= Cinema of South India =

Southern Indian cinema industries

Cinema of South India, refers to the cinema of the four major film industries in South India; primarily engaged in making feature films in the four major languages of the region, namelyTelugu, Tamil, Kannada and Malayalam. They are often colloquially referred to as Tollywood, Kollywood, Sandalwood and Mollywood, respectively.

Although the four industries developed independently for a long period of time, gross exchange of artists and technicians, as well as globalisation helped to shape this new identity. By 2010, South India became the home for 6320, or about 62% of the 10,167 cinema theatres in India.

In 2021, the Telugu film industry emerged as the largest film industry of India in terms of box office revenue. In 2022, Telugu cinema represented 20% of Indian box office revenue, followed by Tamil representing 14%, Kannada representing 5%, and Malayalam representing 8%. As of 2022, the combined revenue of South Indian film industries has surpassed that of the Mumbai-based Hindi-language film industry (Bollywood).
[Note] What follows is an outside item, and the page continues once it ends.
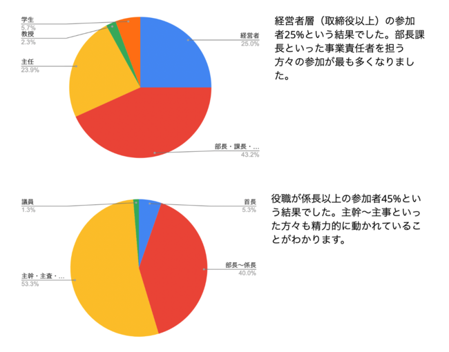 参加者は民間企業が6.5割、行政が3.5割のうち、民間企業は経営者層(取締役以上)の参加者25%、行政は係長以上の役職の参加者が45%と、全体として事業責任者以上の、決済権を担う方の参加が高く、イベント開催時のみの盛り上がりで終わるのではなく、その後の継続的な繋がりやプロジェクト連携が行われていることが大きな特徴です。
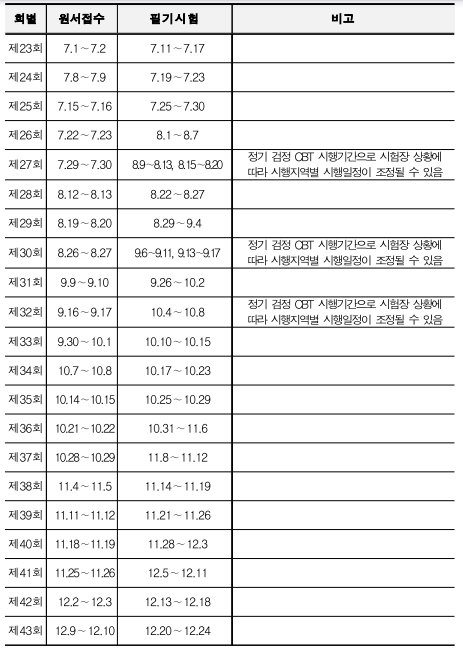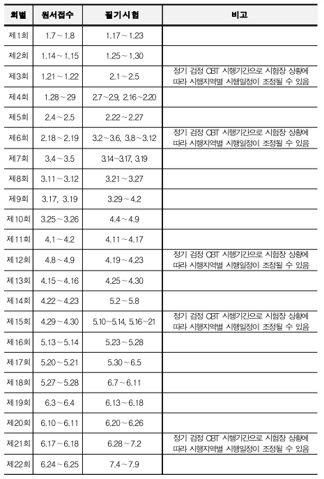 - 접수기간은 전국 동일하지만 시험일정은 차이가 있으니 참고하시기 바랍니다.

Setting aside state language boundaries, recent years saw South Indian actors, writers and directors from Telugu, Tamil, Malayalam, and Kannada industries collaborating with each other as a single 'South Indian Cinema' entity to produce movies. This collaboration resulted in major hits such as Baahubali, KGF, Lokesh Cinematic Universe, Jailer, Lucifer, Pushpa, RRR, Kalki 2898 AD, Manjummel Boys, Amaran, and Salaar. Film analysts say that this marks the beginning of the unification of a Pan-Indian film industry as one. After the emergence of South Indian Cinema, Hindi film actors and actresses who experienced a decline in their star value began participating in South Indian films to sustain their acting careers.

== History ==
=== During the Madras Presidency ===
In 1897, a European exhibitor first screened a selection of silent short films at the Victoria Public Hall in Madras (Present-day Chennai). The films all featured non-fictional subjects; they were mostly photographed records of day-to-day events. In Madras (present-day Chennai), the Electric Theatre was established for the screening of silent films. It was a favourite haunt of the British community in Madras. The theatre was shut down after a few years. This building is now part of a post office complex on Anna Salai (Mount Road). The Lyric Theatre was also built in the Mount Road area. This venue boasted a variety of events, including plays in English, Western classical music concerts, and ballroom dances. Silent films were also screened as an additional attraction. Swamikannu Vincent, an employee of the South Indian Railways in Coimbatore, purchased a film projector and silent films from the Frenchman DuPont and set up a business as film exhibitor. He erected tents for screening films. His tent cinema became popular and he travelled throughout the state with his mobile unit. In later years, he produced talkies and also built a cinema in Coimbatore.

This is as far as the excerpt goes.